• [Information provided]
* * *

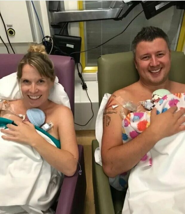 Když už byla Jenny v šestém měsíci, rozhodli se manželé odjet na dovolenou na pobřeží Cornwallu, protože si byli jistí, že se děti narodí za 2-2,5 měsíce, ale osud rozhodl jinak. Žena se již na dovolené necítila dobře a její manžel ji odvezl do nejbližší ordinace praktického lékaře. Po vyšetření lékaři trvali na tom, že Jenny musí být naléhavě převezena na kliniku v Oxfordu, ale vzdálenost 300 kilometrů byla děsivá. Místní úřady souhlasily a o několik minut později přiletěl vrtulník pobřežní hlídky a po 75 minutách byla žena v rukou odborníků a druhý den se stala maminkou.
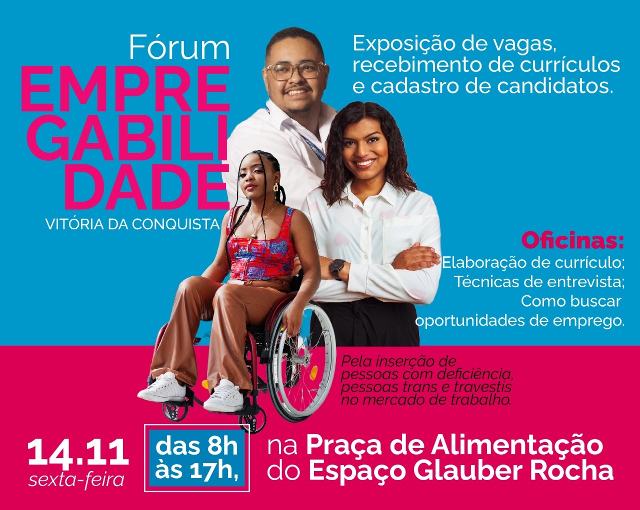 Com o objetivo de ampliar as oportunidades de inserção de pessoas com deficiência (PCDs), pessoas trans e travestis no mercado, o Fórum vai reunir empresas, instituições públicas e candidatos em um espaço de diálogo, aprendizado e conexão. Mais do que um evento, é uma oportunidade concreta de romper barreiras e valorizar talentos que, muitas vezes, são invisibilizados pela sociedade.
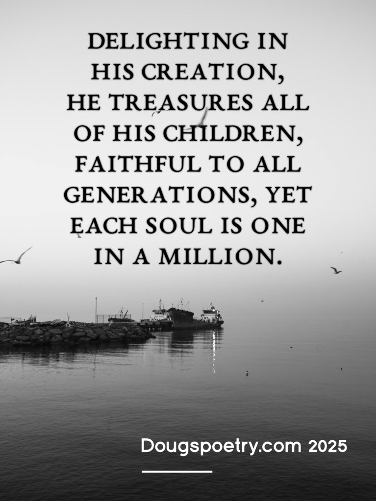 One in a Million Posted bydougspoetryFebruary 16, 2025Posted inChristian, Poetry, ReligionTags:Calvary, Christian, Grace, Hope, Jesus, Poem, Poetry, Redemption, Religion Share this: Click to share on Facebook (Opens in new window) Facebook Click to share on X (Opens in new window) X Like Loading... Published by dougspoetry I am an avid poet, writing about life and faith. View more posts

* * *

• [Exercise aim] Where pictures occur in the material above, omit them and return everything else exactly.

• [Expected answer]
 Když už byla Jenny v šestém měsíci, rozhodli se manželé odjet na dovolenou na pobřeží Cornwallu, protože si byli jistí, že se děti narodí za 2-2,5 měsíce, ale osud rozhodl jinak. Žena se již na dovolené necítila dobře a její manžel ji odvezl do nejbližší ordinace praktického lékaře. Po vyšetření lékaři trvali na tom, že Jenny musí být naléhavě převezena na kliniku v Oxfordu, ale vzdálenost 300 kilometrů byla děsivá. Místní úřady souhlasily a o několik minut později přiletěl vrtulník pobřežní hlídky a po 75 minutách byla žena v rukou odborníků a druhý den se stala maminkou.
 Com o objetivo de ampliar as oportunidades de inserção de pessoas com deficiência (PCDs), pessoas trans e travestis no mercado, o Fórum vai reunir empresas, instituições públicas e candidatos em um espaço de diálogo, aprendizado e conexão. Mais do que um evento, é uma oportunidade concreta de romper barreiras e valorizar talentos que, muitas vezes, são invisibilizados pela sociedade.
 One in a Million Posted bydougspoetryFebruary 16, 2025Posted inChristian, Poetry, ReligionTags:Calvary, Christian, Grace, Hope, Jesus, Poem, Poetry, Redemption, Religion Share this: Click to share on Facebook (Opens in new window) Facebook Click to share on X (Opens in new window) X Like Loading... Published by dougspoetry I am an avid poet, writing about life and faith. View more posts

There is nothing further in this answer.